Blogger ate the first draft of this after I was done typing. Here is how it went as best I can remember.
I remember the first time I heard the music of Duluth, MN slowcore pioneers Low. It was December of 1999 and my father had just read the Best Music of 1999 list in the Chicago Tribune and decided to purchase as many of the albums on that list as he could find. One of those was Low’s Secret Name. After listening to the album his reaction was something like, “That music makes me want to kill myself.” Not surprising for powerful music that seems weighted down by burden and sorrow.
Low’s newest album Drums And Guns comes on the heels of their most rockin’ and unexpected effort to date (The Great Destroyer). And while I didn’t know what to expect from Drums And Guns, except for the (for Low) upbeat “Hatchet” as a bit of relief in the middle, the album awfully fucking minimal and much more stark than the band’s previous work.
Don’t listen to Drums And Guns while trying to fall asleep. It is like being trapped inside a nightmare. Alan and Mimi’s mournful harmonies drift atop sparse instrumentation that includes organ, piano, drums (both electronic and real), and the occasional guitar creating sorrowful almost hymn-like dirges.

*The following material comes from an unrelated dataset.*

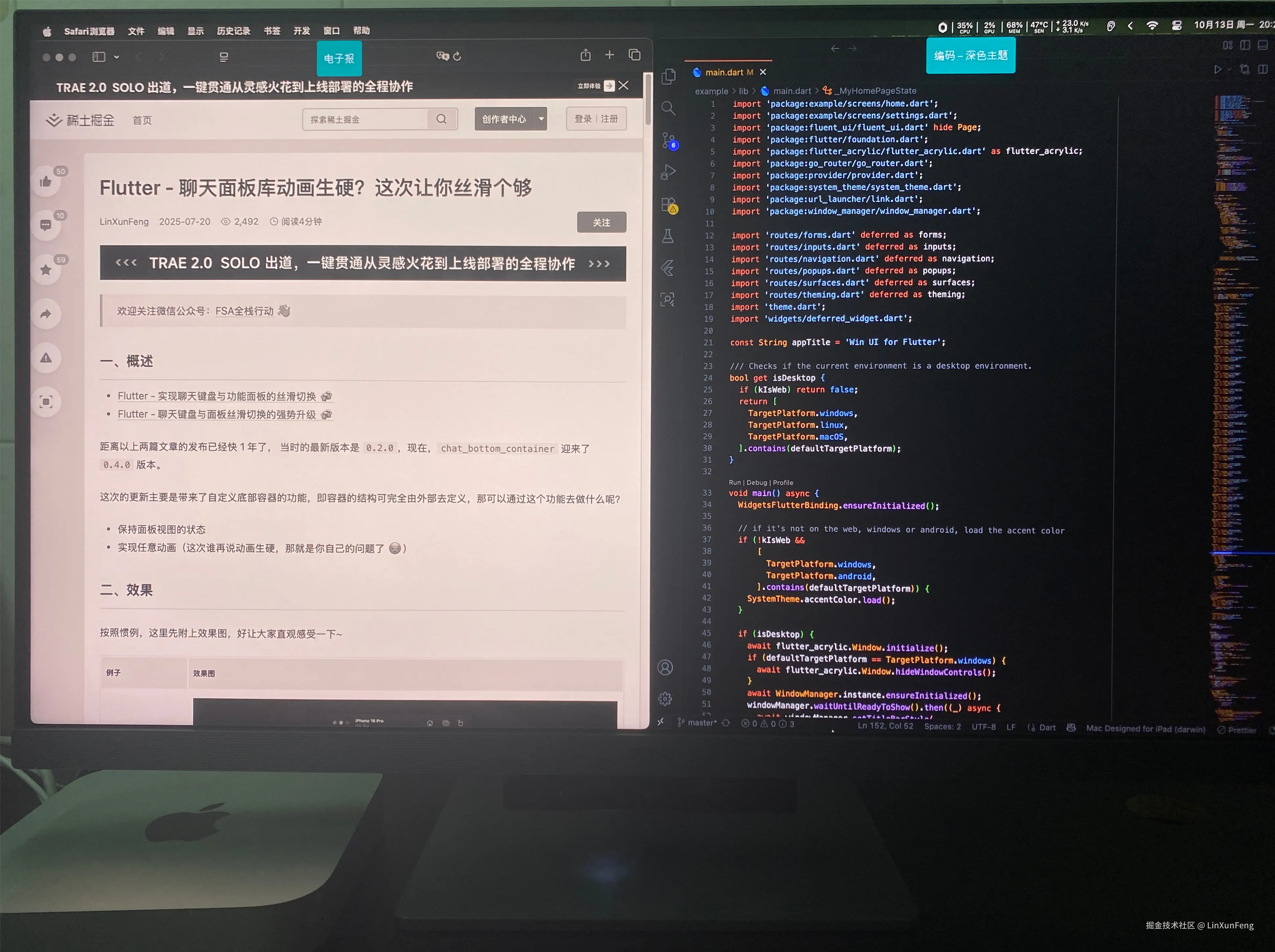 【双主机】 左: Mac(M-book) 右:Windows(编码-深色主题)

Drums And Guns is deliberately and unsettlingly slow. It is almost painfully drawn out. Some of the adjectives I wrote down while listening to the album include barren, cold, sad, isolated, etc… It would be like listening to Nanang Tatang after years of drug abuse and a failed marriage. Drums And Guns is out now on Sub Pop
MP3 | Low - Breaker Drums And Guns
MP3 | Low - Always Fade Drums And Guns











1 Comments ↓
This is probably the result of my pirating of the CD, but: did you find that the vocals were all mixed to the left stereo on the new Low album?